Re: Cumulative totals in an ORDERed relation.

Posted by Zach Bailey <za...@dataclip.com>.

 Forgive me but I got one thing slightly wrong. Since you're wanting to do hourly totals and not daily totals you will want to change this line:

> allDataISODates = FOREACH allData GENERATE string, org.apache.pig.piggybank.evaluation.datetime.truncate.ISOToDay(org.apache.pig.piggybank.evaluation.datetime.convert.UnixToISO(ts)) as isoHour;
> 
> 
> 
> 
to this:


allDataISODates = FOREACH allData GENERATE string, org.apache.pig.piggybank.evaluation.datetime.truncate.ISOToHour(org.apache.pig.piggybank.evaluation.datetime.convert.UnixToISO(ts)) as isoHour; 


Of course I just illustrated how easy it is to swap in different piggybank functions to do different statistical roll-ups depending on what sort of temporal granularity you need. Huzzah!

Happy pigging,
Zach


On Friday, December 17, 2010 at 6:32 PM, Zach Bailey wrote:

> 
>  I believe what you're trying to do is this.
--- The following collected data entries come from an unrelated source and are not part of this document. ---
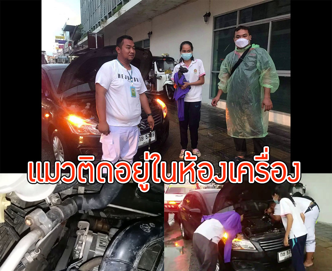 ช่วยเหลือแมวหนีฝนติดอยู่ในห้องเครื่อง ประชาชนก่อนเจ้าของรถนำไปเลี้ยง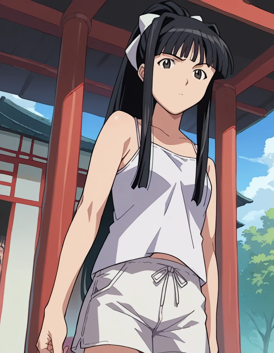 ponytail, shorts, camisole, white shorts,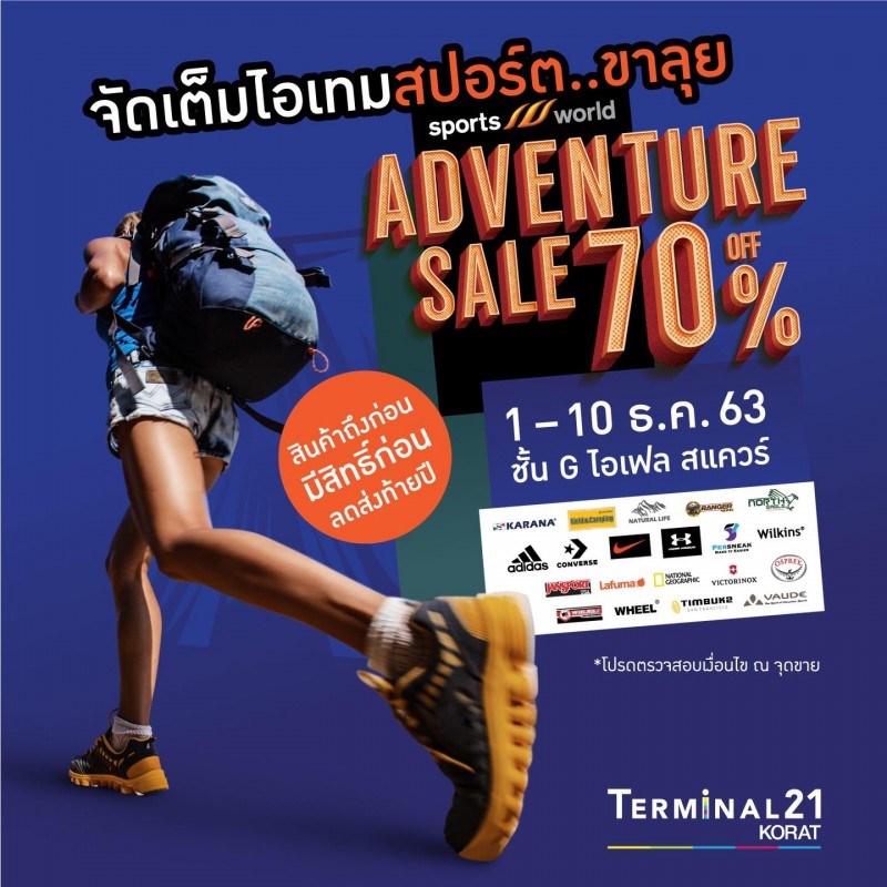 Sportworld Adventure Sale วันที่ 1 - 10 ธันวาคม 2563 ณ ชั้น G เทอร์มินอล21 โคราช ส่งท้ายปีกับงานที่สายลุยรอคอย Sportworld Adventure Sale ตอบโจทย์นักผจญภัย สายแคมป์ สายลุยทุกท่าน มาพร้อมกับโปรโมชั่นถึงก่อนมีสิทธิ์ก่อน และสินค้าราคาพิเศษลดสูงสุด70% ไม่ว่าจะเป็น รองเท้า กระเป๋าเป้ เต็นท์ และอุปกรณ์เดินป่า อีกมากมาย สายลุยตัวจริงต้องห้ามพลาด 1-10 ธันวาคมนี้ พบกันที่ ชั้น G เทอร์มินอล21 โคราช
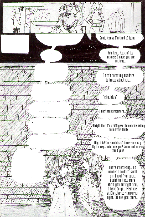 God, this sucks... I'm too lazy to draw out the whole chatting/interviewing scene. Anywayz, this is how you read those long chain of speech bubbles: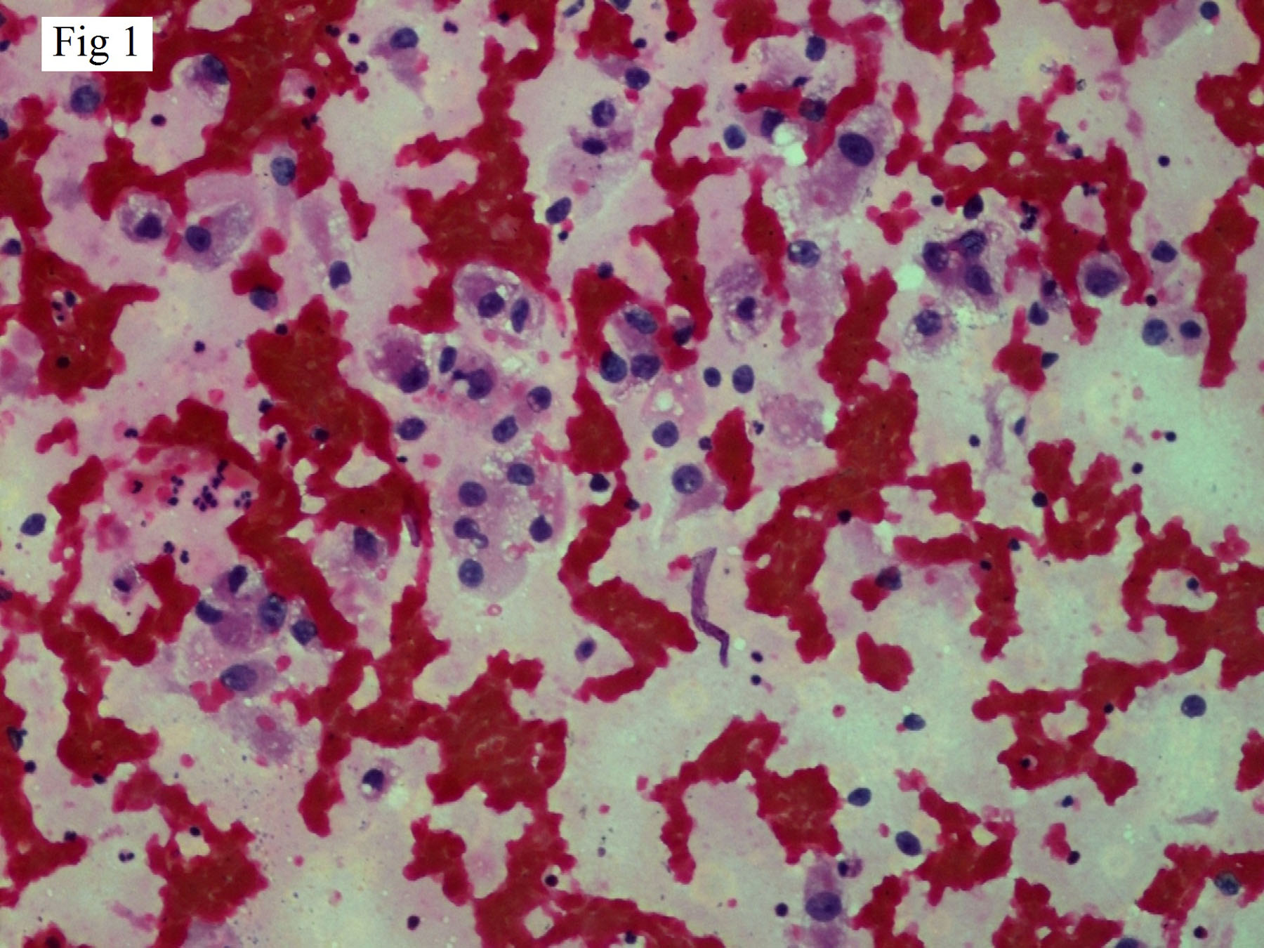 In present case first impression on smear examination was of metastatic carcinoma, either metastatic RCC or clear cell sarcoma/melanoma. Clear cells of RCC at low power are relatively cohesive, mainly in epithelial fragments with variable number of scattered single cells. Focal papillary or acinar pattern may be seen. These cells have an abundant fragile finely vacuolated cytoplasm giving a web like appearance. The tumour cells have low nucleo: cytoplasmic ratio, central/eccentric round nuclei with regular outline and variable anisokaryosis. Nuclear chromatin is bland in low grade tumours and macronucleoli are seen in higher grade. Diagnostic clues for RCC are - rich arborising vasculature, tumour cell adhering to strands of hyaline/fibrillary basement membrane material and intranuclear cytoplasmic inclusions. Binucleation and bare nuclei are seen. The clear cells of RCC contain lipid (Oil-Red O positive) and glycogen (Periodic Acid Schiff {PAS} stain positive). Clear cell melanoma (CCM) displays morphologic overlap with balloon cell melanoma (BCM) and clear cell sarcoma (CCS) in having abundant finely vacuolated cytoplasm. CCM is PAS-positive, diastase-sensitive, whereas BCM is PAS-positive, diastase-resistant. Some authors consider CCM as a subtype of BCM but it’s still unclear. CCS is also called as malignant melanoma of soft parts and presents in extremities of young adults. Abundant intracellular and extracellular iron is present and cytoplasmic melanin can also be seen. Smears are composed of largely dispersed cells with occasional aggregates or epithelial-like clusters.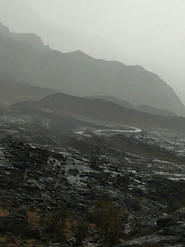 تكونات قوية علي جبال الهجروامطارخفيفة علي اجزاء منها/عبري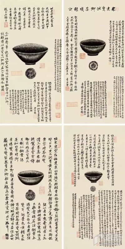 此次征集到的這一套拓片作品,均為當世不同典范建盞,且有清晚期金石名家鄭文焯長跋于上。傳拓精良,一軸「鄭文焯」作簽一行,題長跋四段,鈐朱白印八方;二軸「老芝」題長跋五段,鈐朱白印九方;三軸「大鶴山人」題長跋一段,鈐朱印三方;四軸「小坡」題長跋四段,鈐朱白印八方。題跋記載有著錄句、詩詞句、事例句、名人句、見解句等等,內容豐富,滿題依附在建盞拓片四周圍,由此可見此為鄭氏精致用心之作。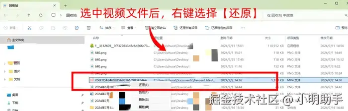 在电脑误删大多数类型的文件我们都可以先试着在回收站里找回。视频误删怎么恢复?已被清理的视频如何恢复?回收站是电脑默认的删除文件路径,在误删视频后可以通过打开【回收站】,在里面寻找目标视频文件后点中,按下【鼠标右键】后选择【还原】。

You have some sort of data, and a timestamp:
> 
> 
> What you want to figure out is how many times each possible value of "data" appears in a certain time period (say, hourly).
> 
> 
> Let's say data can have three possible string values: {'a', 'b', 'c'}
> 
> 
> Your timestamp for convenience sake is a Unix UTC timestamp or ISO formatted date (I would strongly recommend using one of these since there are already piggybank functions to slice and dice them).
> 
> 
> To accumulate all the times that the data 'a' appeared in an hour you would do something like this:
> 
> 
> --register piggybank.jar for iso date functions
> REGISTER ./piggybank.jar
> allData = load ... as (string:chararray, ts:long);
> --convert ts to ISO Date, and truncate to the hour
> allDataISODates = FOREACH allData GENERATE string, org.apache.pig.piggybank.evaluation.datetime.truncate.ISOToDay(org.apache.pig.piggybank.evaluation.datetime.convert.UnixToISO(ts)) as isoHour;
> -- group by hour and string
> groupedByStringAndHour = GROUP allDataISODates BY (string, isoHour);
> -- append counts
> stringHourCounts = FOREACH groupedByStringAndHour GENERATE group.string as string, group.isoHour as isoHour, COUNT(allDataISODates.string) as count;
> 
> 
> You will now have a relation that looks like:
> {'a', '2010-12-13T12:00:00', 2334}
> {'b', '2010-12-13T12:00:00', 123}
> {'c', '2010-12-13T12:00:00', 3}
> {'a', '2010-12-13T13:00:00', 34231}
> {'b', '2010-12-13T13:00:00', 34}
> {'c', '2010-12-13T13:00:00', 134}
> 
> 
> Is that the sort of thing you're looking to do?
> 
> -Zach
> 
> 
> On Friday, December 17, 2010 at 6:22 PM, Dmitriy Ryaboy wrote:
> 
> > What you are suggesting seems to be a fundamentally single-threaded process
> > (well, it can be parallelized, but it's not pretty and involves multiple
> > passes), so it's not a good fit for the map-reduce paradigm (how would you
> > do accumulative totals for 25 billion entries?). Pig tends to avoid
> > implementing methods that restrict scaling computations in this way. Your
> > idea of streaming through a script would work; you could also write an
> > accumulative UDF and use it on the result of doing a GROUP ALL on your
> > relation.
> > 
> > -Dmitriy
> > 
> > On Fri, Dec 17, 2010 at 11:31 AM, Kris Coward <kr...@melon.org> wrote:
> > 
> > 
> > >  Hello,
> > > 
> > >  Is there some sort of mechanism by which I could cause a value to
> > >  accumulate within a relation? What I'd like to do is something along the
> > >  lines of having a long called accumulator, and an outer bag called
> > >  hourlyTotals with a schema of (hour:int, collected:int)
> > > 
> > >  accumulator = 0L; -- I know this line doesn't work
> > >  ORDER hourlyTotals BY collected;
> > >  cumulativeTotals = FOREACH hourlyTotals {
> > >  accumulator += collected;
> > >  GENERATE day, accumulator AS collected;
> > >  }
> > > 
> > >  Could something like this be made to work? Is there something similar that
> > >  I can do instead? Do I just need to pipe the relation through an
> > >  external script to get what I want?
> > > 
> > >  Thanks,
> > >  Kris
> > > 
> > >  --
> > >  Kris Coward d"http:="" unripe.melon.org"="">http://unripe.melon.org/
> > >  GPG Fingerprint: 2BF3 957D 310A FEEC 4733 830E 21A4 05C7 1FEB 12B3
> > > 
> > > 
> > > 
> > 
> > 
> > 
> > 
> > 
> 
> 
> 
> 
> 
> 
>

Re: Cumulative totals in an ORDERed relation.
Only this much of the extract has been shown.